## About this task
Print exactly the lines below between the line containing "Water simulation is" and the line containing "Este documento resume", counting both of those lines. Leave pictures out.

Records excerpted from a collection
►

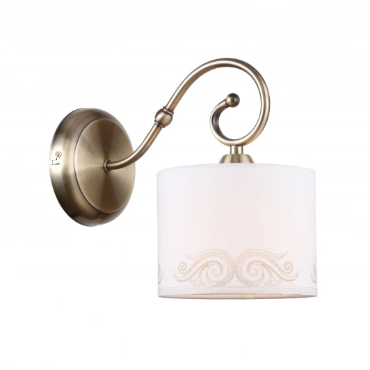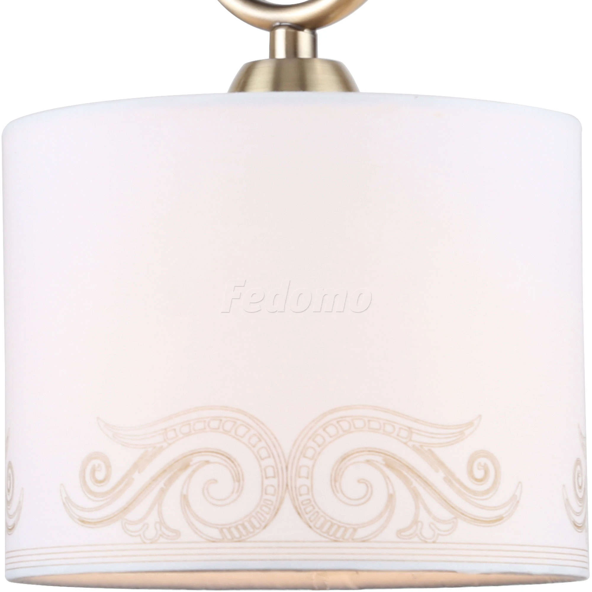 Лампы 1*E14*40W. Каркас в цвете античная бронза оформлен декоративными элементами из бронзы и тканевыми плафонами с классическим узором. Материал и цвет арматуры металл, античная бронза. Плафон белая ткань с золотым узором.
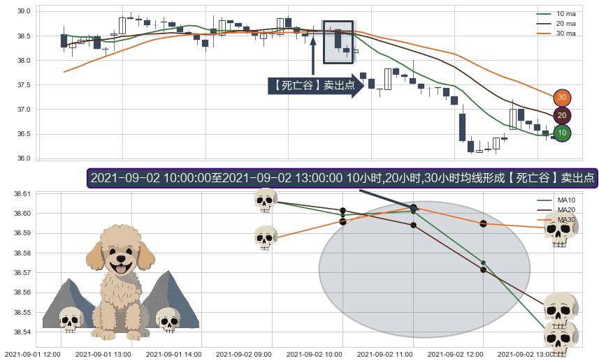 形态多维评估: ⚀ 2021-09-02 11:00:00-小时至2021-09-02 13:00:00-小时显现 10小时-20小时-30小时均线 【死亡谷】卖出点 看空信号,后市看跌,卖出
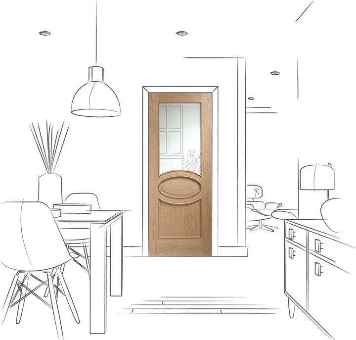 The Calabria Oak door features a decorative moulding around the lower timber panel and also the glass panel, The glass features a bevelled edge which in return gives this door a high quality appearance. The unique oval shape in the centre of the door gives this door a distinctive style.
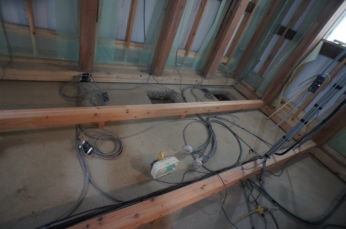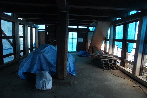蔵の構造補強は外周部の補強柱が大方取り付いて、かなり下がっていた2階床の水平レベルも直りました。
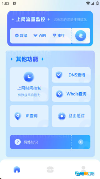 在首页即可看到上网流量监控、IP查询等功能;
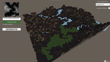 Water simulation is integrated and represented as rain. Water is reactive to changing the topography by adding/removing cells. Surface cells react to water by spawning ground cover models in places where water has been standing for a while. After water has been drained from the cell, the ground cover disappears.
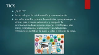 Este documento resume las tecnologías de la información y la comunicación (TIC) y las aulas virtuales. Explica que las TIC incluyen recursos como computadoras, teléfonos, televisores y consolas de juego que se usan para procesar y compartir información. El objetivo es lograr innovación en las prácticas pedagógicas aplicando las TIC para desarrollar habilidades cognitivas en los estudiantes. Se discuten también los tipos de TIC, su inserción en la educación, plataformas educativas y nuevos
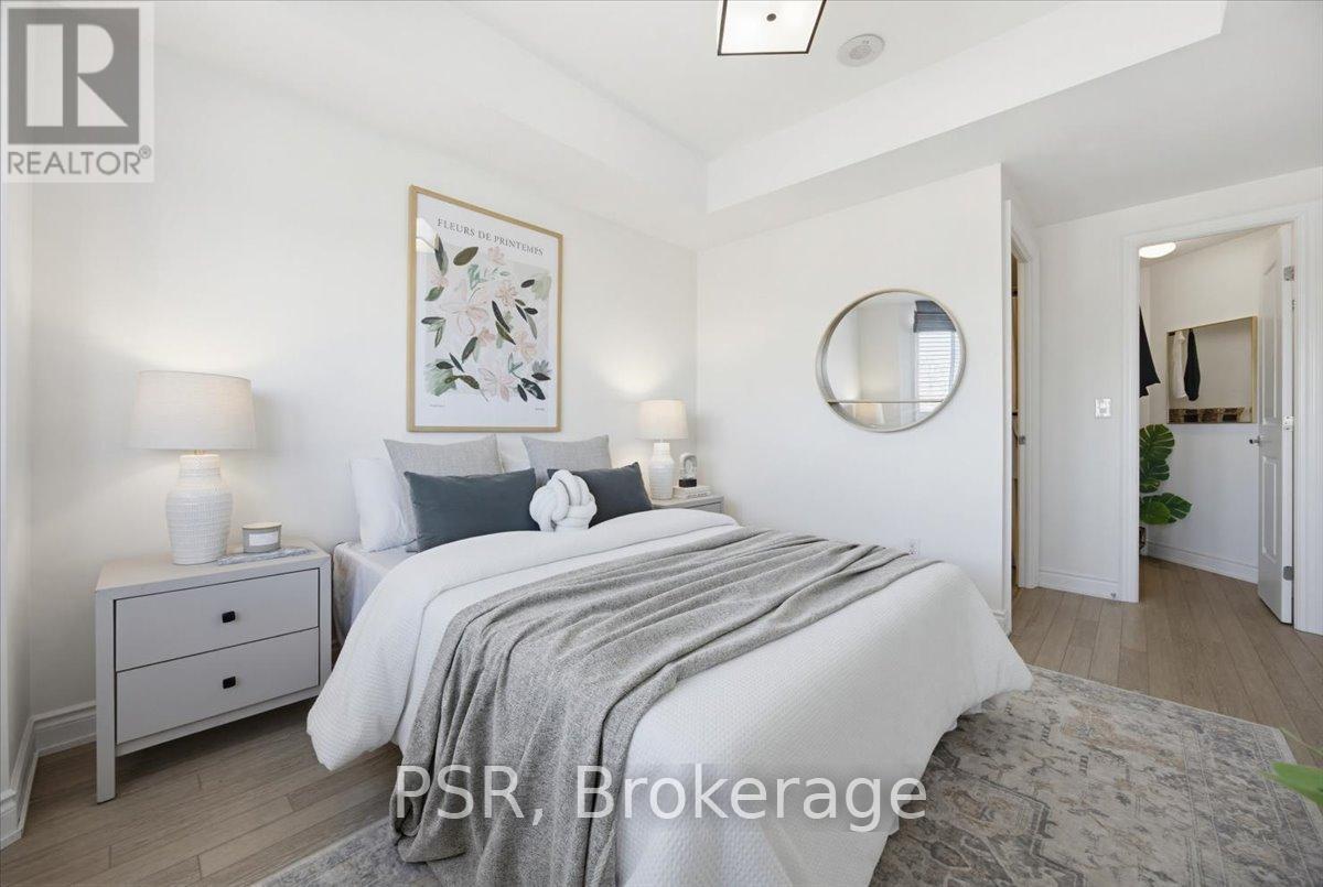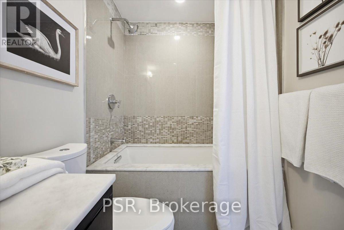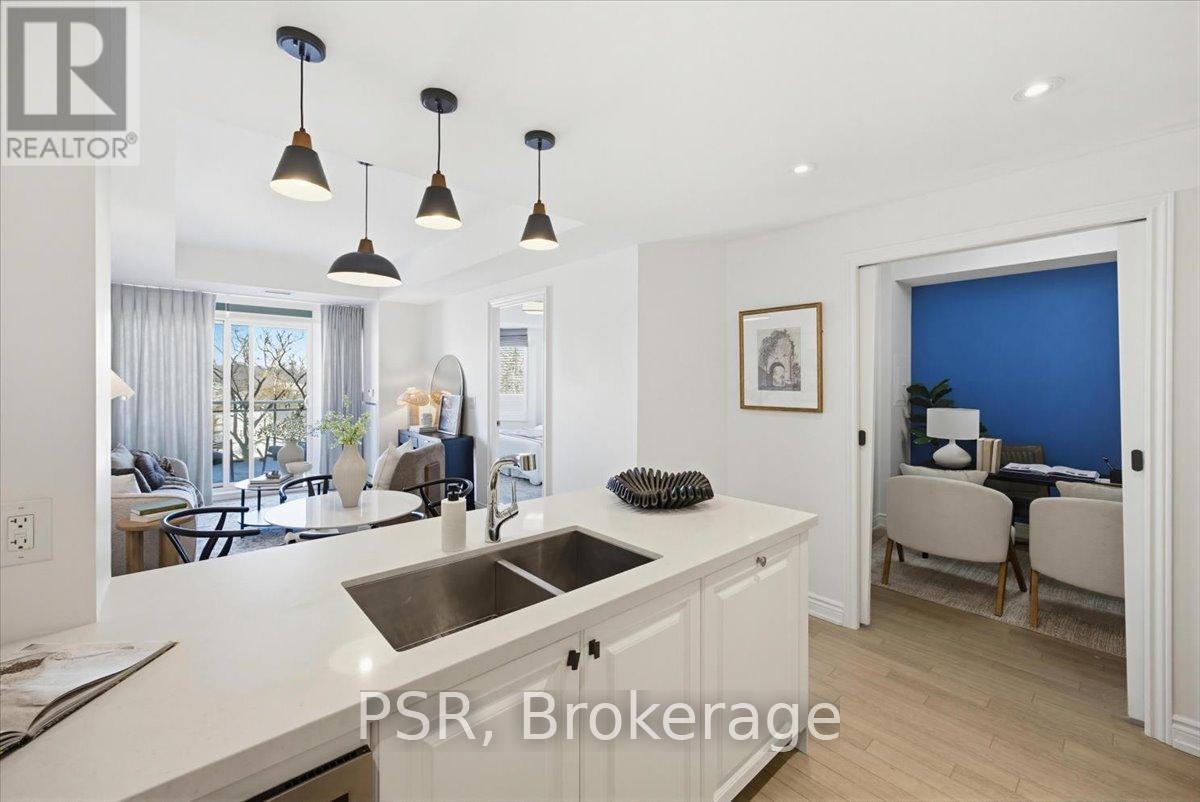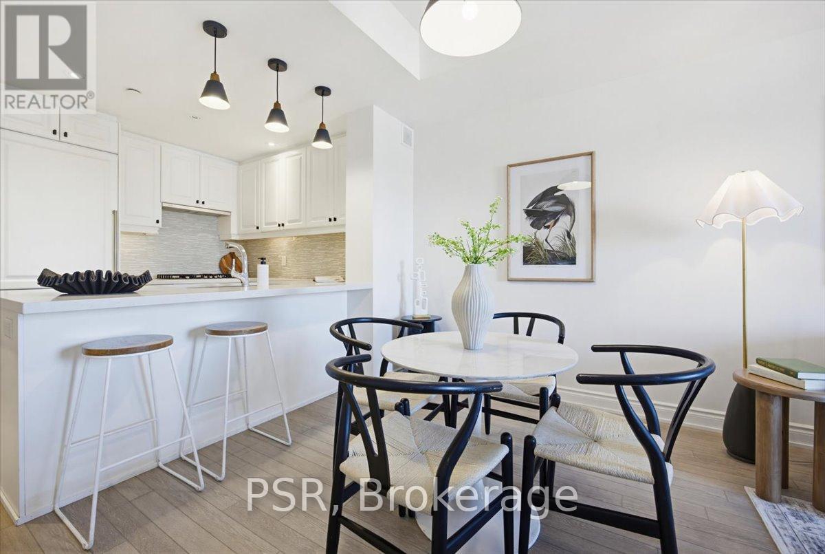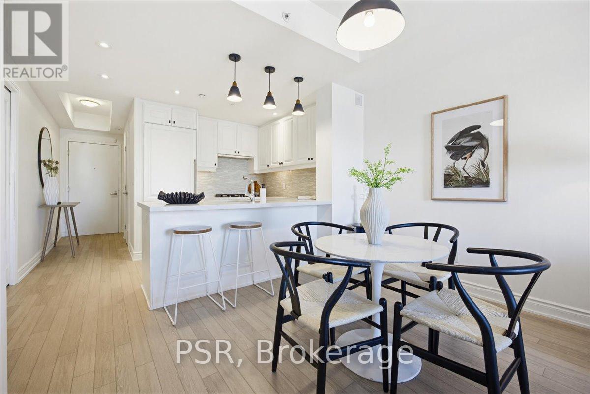 Welcome to Bluwater - Lakeside Living, Elevated. Set within one of the west GTA's most coveted lakefront communities, this rarely available 1+den, 1.5-bath suite offers approximately 785 sq. ft. of thoughtfully designed interior space paired with a private balcony and tranquil northwest exposure. The layout is exceptionally well considered, balancing openness with flexibility. The enclosed den functions beautifully as a home office, guest space, or cozy media room, while the open-concept living and dining area is bathed in natural light and flows seamlessly outdoors-an ideal setting for sunset views and evening relaxation. The kitchen is both elegant and functional, featuring integrated appliances, European-style cabinetry, quartz countertops, a gas cooktop, and a breakfast bar for casual dining and entertaining. A discreet powder room with full-size stacked laundry adds everyday convenience without compromising the aesthetic. The primary bedroom is a calm and inviting retreat, highlighted by a charming bay window, walk-in closet, and four-piece ensuite. Modern laminate flooring, custom window coverings, and timeless finishes create a warm, refined atmosphere throughout. Life at Bluwater extends well beyond your front door. Residents enjoy resort-inspired amenities including private gardens, an outdoor lounge with fireplace and BBQs, a spectacular lap pool with sundeck, spa and sauna, fitness centre, yoga and meditation room, library lounge, elegant party room, and guest suites for visitors. The true luxury? Direct gated access to Lake Ontario, where waterfront trails, parks, and a sandy beach are just steps away. Why escape to the cottage when you can enjoy year-round lakeside living-right at home. (id:4555)
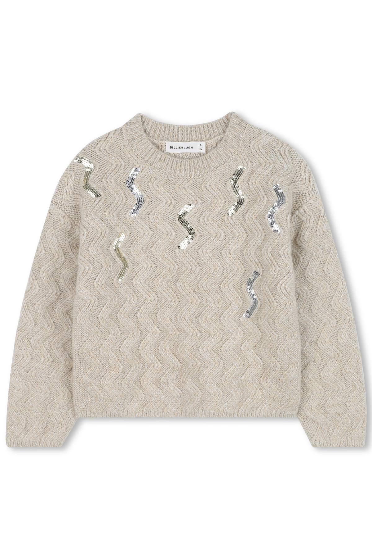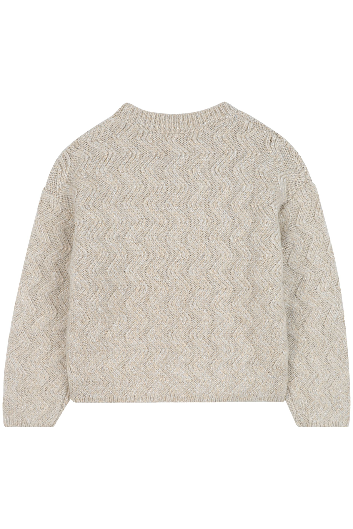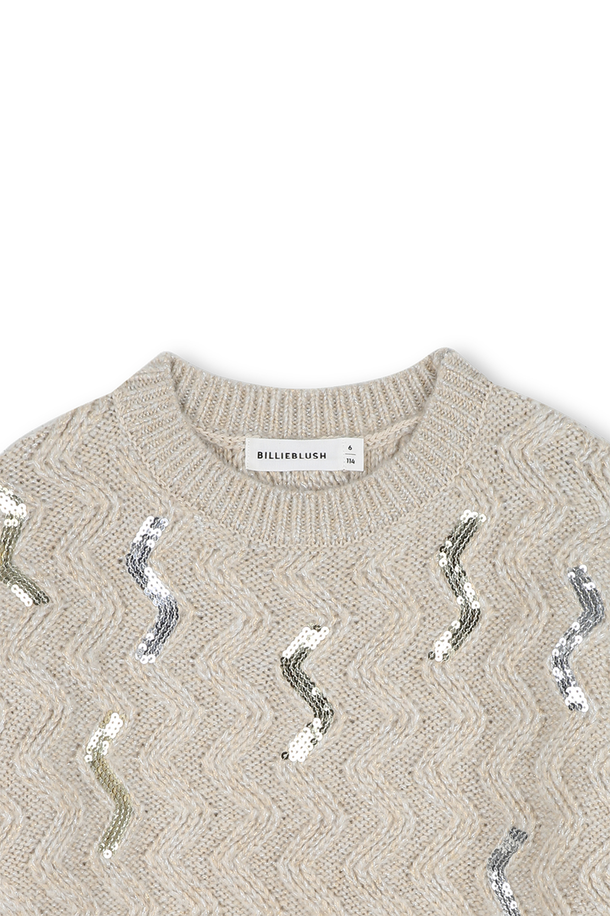 Stickad tröja i ett zig-zag mönster och paljetter på framsidan. Tröjan har en beige botten med guldiga och silvriga lurextrådar över hela. Rak passform.
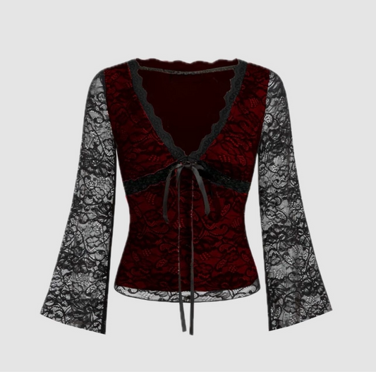 Lace Mesh Bell Sleeve Top

◄

## Written response
 Water simulation is integrated and represented as rain. Water is reactive to changing the topography by adding/removing cells. Surface cells react to water by spawning ground cover models in places where water has been standing for a while. After water has been drained from the cell, the ground cover disappears.
 Este documento resume las tecnologías de la información y la comunicación (TIC) y las aulas virtuales. Explica que las TIC incluyen recursos como computadoras, teléfonos, televisores y consolas de juego que se usan para procesar y compartir información. El objetivo es lograr innovación en las prácticas pedagógicas aplicando las TIC para desarrollar habilidades cognitivas en los estudiantes. Se discuten también los tipos de TIC, su inserción en la educación, plataformas educativas y nuevos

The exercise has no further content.